Advocacy

Breast is not always to blame

“Sometimes the strong need reassurance,” is what the photographer titled this photograph. How true. (Image credit Leon Fishman via Flickr Creative Commons)

There’s an essay on the Postpartum Stress Center website called, “Is Breast Always Best?” This is a powerful, well-written piece—but it’s wrong.

Breastfeeding isn’t “best.” It is normal. We need to nudge the idea out of the way that a breastfeeding woman who is experiencing postpartum depression is experiencing it because of breastfeeding. I have heard criticism that lactation professionals fail to look at the whole woman and instead focus on getting a woman to breastfeed at whatever cost, but how is it looking at the whole woman to ignore her lactating breasts, the biological imperative to breastfeed, and her desire to breastfeed?

The essay echoes this:

This is because breastfeeding, to the depressed mother, is more than breastfeeding. It is a lifeline. It’s as if it provides the single opportunity for her to feel that her presence is making a difference.
So why, later in the essay, does the author take this lifeline away, telling these mothers:
…I’m afraid for the women who continue to work so hard, with painstaking determination, against such formidable odds, to stay on track, to prove something to someone. I’m not sure what they are trying to prove, exactly.

Breastfeeding is not indicative of wanting to “prove” something. It is indicative of a mother wanting to feed her baby. It is a mammal’s body doing what it is designed to do. The breastfeeding in this equation doesn’t need to be treated any differently from, say, eating. It’s normal to eat. Sometimes we might eat something that upsets our stomach. Do we say, “Well, best not to eat anymore. Time to get a feeding tube”? No. There’s a continuum of considerations that your doctor will explore before jumping to such a drastic conclusion. It should be the same when it comes to suggestions of weaning, or even the idea that breastfeeding is the cause of difficulty.

Discussion of breastfeeding and postpartum mood disorders often focuses on mothers who are experiencing breastfeeding problems. But not all breastfeeding is difficult. You can have a wonderful breastfeeding experience and still have postpartum depression. Mothers are told that breastfeeding is the problem when breastfeeding is going well!

What do you blame for postpartum depression, anxiety, OCD, PTSD, or psychosis when a mother isn’t breastfeeding? Do you still blame the feeding method?

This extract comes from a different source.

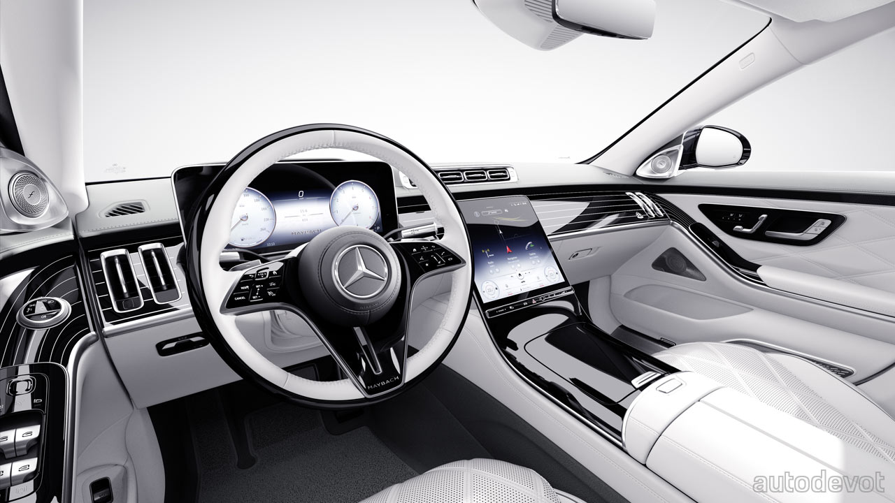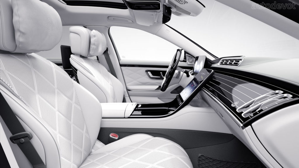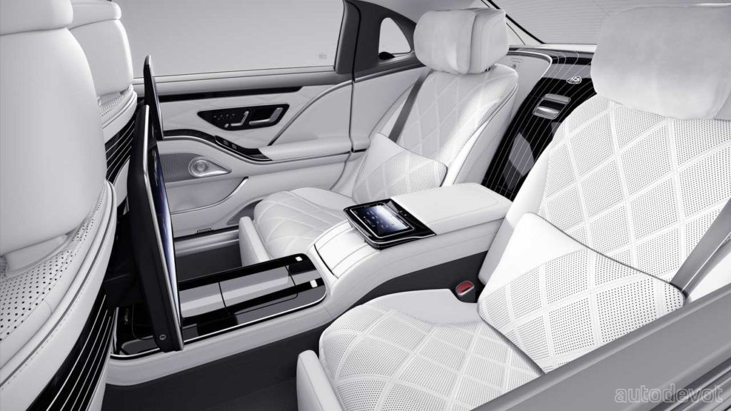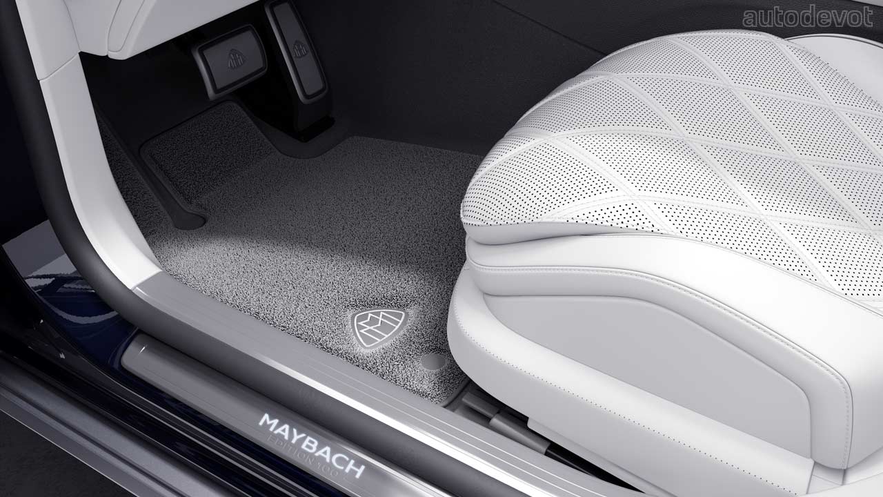 So how do you make an already uber-luxurious cabin more luxurious? You don’t. Which is why the S 680 4Matic Edition 100 gets designo crystal white and silver grey pearl combo leather upholstery, and “Edition 100” branding on the door sills, dashboard and a couple more places.

Do you know what is hard and we don’t have adequate support for, besides breastfeeding? Parenting. Motherhood. How about, instead of asking a string of questions with the underlying thread of “breastfeeding is doing you harm,” we try to explore the whole issue? Maybe we could ask questions like these (I’ll keep the first three from the essay, because they’re good questions):

  • Does she need medication?
  • How does she feel about taking medication while breastfeeding?
  • Is it possible that breastfeeding may somehow contribute to her feelings of despair? (I doubt that this is what the question is referring to, but there is a condition where a mother may have negative/strange feelings associated with letdown, called dysphoric milk ejection reflex. There is help available for this; with the right support, breastfeeding can continue.)
  • What in particular about breastfeeding is causing difficulty or potentially interfering with treatment? What can we do to change those things? (For example, is mom struggling with low milk supply and pumping frequently? Maybe it’s time to reassess goals and aim for producing as much milk as possible without going to extreme measures.)
  • Is this mother getting good support with lactation? Are the plans that were developed reasonable and the goals achievable? Is the mother following the plans?
  • Does this baby exhibit normal behavior, and, if so, does this mother understand what normal newborn behavior looks like? Is the baby healthy?
  • How confident does this mother feel about motherhood? How can we help her feel more secure?
  • Does this mother have enough support with every other consideration around parenting, and, if not, how do we get her more? (Bottlefeeding does not fix a lack of a supportive partner, isolation from family or friends, financial troubles, struggling with returning to work, or any of the other logistical considerations that come with parenting.)
I have no doubt that, for some women, breastfeeding might contribute to symptoms of depression or other mood disorders, and that, for some women, weaning may be the answer. As this post on the Academy of Breastfeeding Medicine blog states:
If breastfeeding is the lifeline that is holding her and her baby together, then we’ll build her treatment around protecting that breastfeeding relationship. Conversely, if she grits her teeth for every feeding and counts the minutes until it is over, then breastfeeding may be contributing to her symptoms and hurting her relationship with her baby.  We need to talk about why breastfeeding is stressful, and whether there are strategies that can make the experience better — or whether she and her baby would be better served if she weaned.
This is what we need: More working with mothers on an individual level and allowing room for protecting the breastfeeding relationship and offering strategies that take into account the whole picture, and less talk making the assumption that it’s breastfeeding that is the problem. I would have liked to see the essay that prompted this blog post to leave room for the possibility that a mother wants to keep breastfeeding, and that her breastfeeding exists for more than trying to “prove something to someone.”